Она не знала, что и думать, к кому обращаться за помощью. Где-то глубоко внутри зашевелился червячок сомнения. А вдруг он и в самом деле, по выражению Арсения, "укатил куда-нибудь, может, даже не один"? Например, с Рынкиной? Ах, почему она не узнала, где работает эта девица! Кажется, Брусника называл ее профессию… Фотомодель? Точно! Но где ее найти? Этих модельных агентств как собак нерезаных… Опять позвонить Леониду? Неудобно. Ладно, один день можно и потерпеть.

После обеда Дана устроила маленькое совещание с Марией Сергеевной. Они обсуждали вернисаж осенней выставки, в которой примут участие десятки известных живописцев. Почти все уже было готово к открытию, оставался ряд организационных моментов, о которых и шла речь в больничной палате.

– Меня беспокоит вступительное слово. От того, как оно прозвучит, с каким настроем, зависит весь ход мероприятия…

– Я понимаю, Дана Михайловна. Мы с Илоной Гавриловной уже трижды репетировали, и, по-моему, все прекрасно. Текст у нее от зубов отскакивает, интонации верные, никакой приторности и ложного пафоса. Комильфо, как говорится.

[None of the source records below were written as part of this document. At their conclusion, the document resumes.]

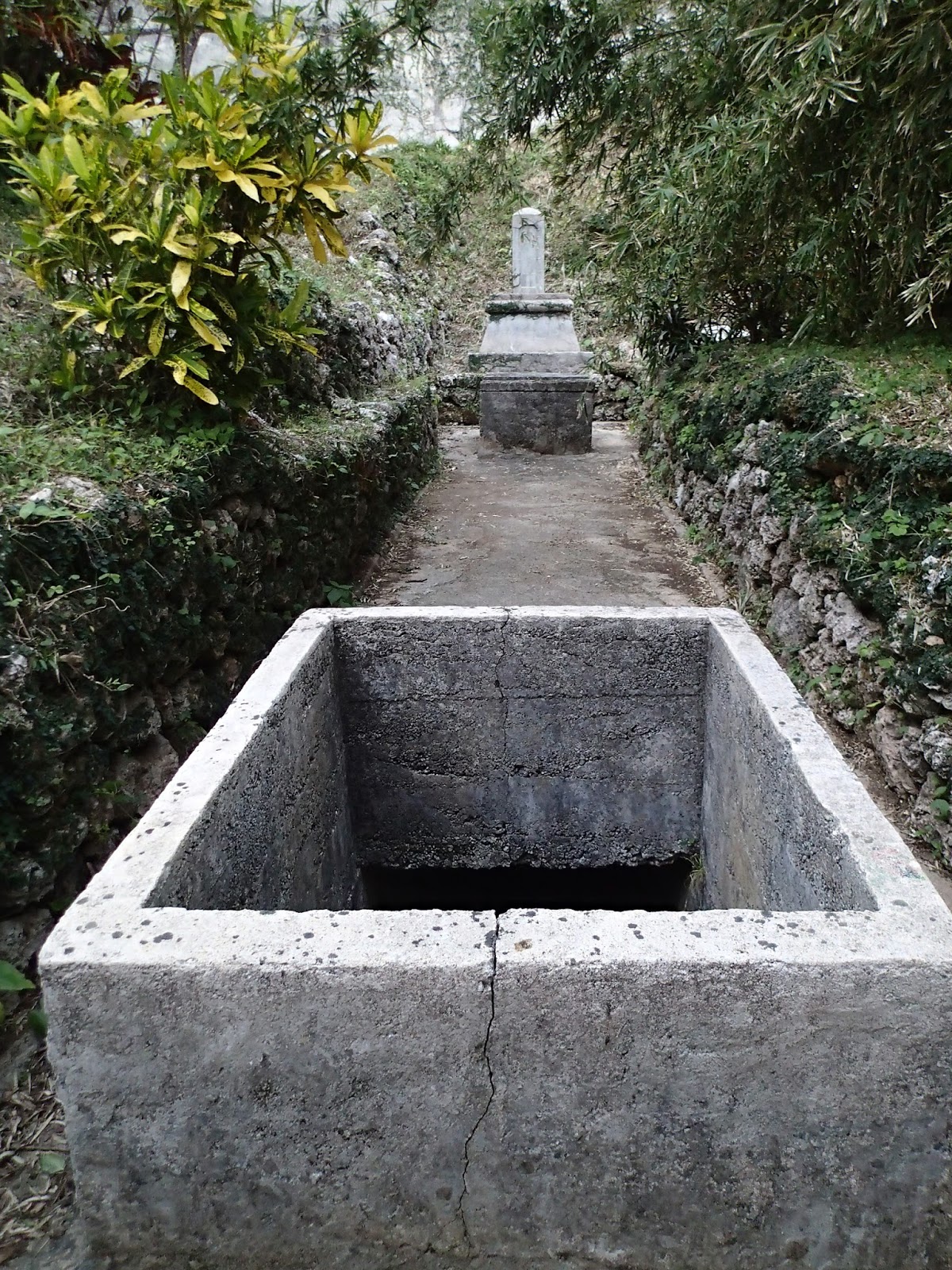 2つ目の門から中を見ると石をくり貫いた水場が |
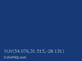 YUV 54.076,31.515,-28.131 Color is a dark blue color and the nearest color is Astronaut #283a77. Hex code #163a76 and RGB value is rgb(22,58,118). In RGB color space, this color is composed of 9% red, 23% green, 46% blue, In CMYK color space, this color is composed of 81% cyan, 51% magenta, 0% yellow , 54% black , In HSL color space, this color has a hue angle of 218° , 69% saturation and 27% lightness.
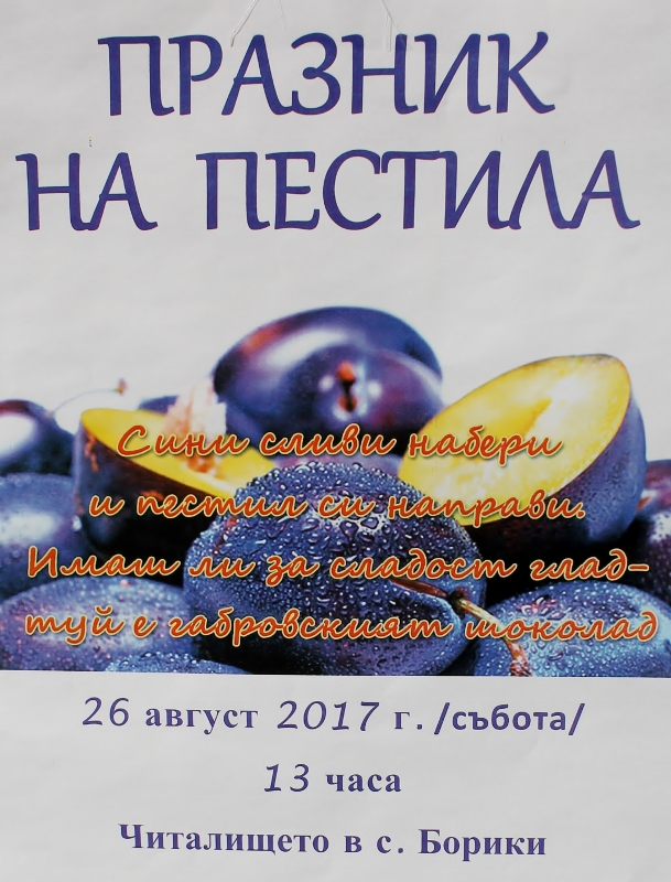 НЧ „Пейо Яворов-1927“ и РЕКИЦ Читалища Ви канят на станалия вече традиционен празник на пестила в село Борики. На 26 август от 13 часа в читалището може да видите и сами да участвате в демонстрации на традиционни рецепти, чиято основна съставка са сините сливи.

– Но и сухой лекции не должно быть. Там не дети соберутся, чтобы прописные истины слушать. В прошлом году, помните, я ей доверила выставку Мечникова – до сих пор осадок не ушел. Как сейчас перед глазами скука на лицах художников и саркастическая ухмылка Преснина.

– Да-да, я помню. Стыдно, конечно. Но в этот раз она произнесет ваш текст, так что не волнуйтесь. Все будет на высшем уровне.

– Ну ладно, утомила я вас, Марья Сергеевна. Давайте чаю выпьем. С вашим кексом.

– Ну что вы! Неудобно…

– Бросьте эти разговоры! Наоборот, я скучаю по нормальной жизни. Больница – это что-то из разряда пенитенциарных заведений.

– Пенитец… Ой, не выговорить! Вы имеете в виду…

– Ну да, места лишения свободы, – улыбнулась Дана, наливая в чашки кипяток. – А вы разве не лежали в больнице?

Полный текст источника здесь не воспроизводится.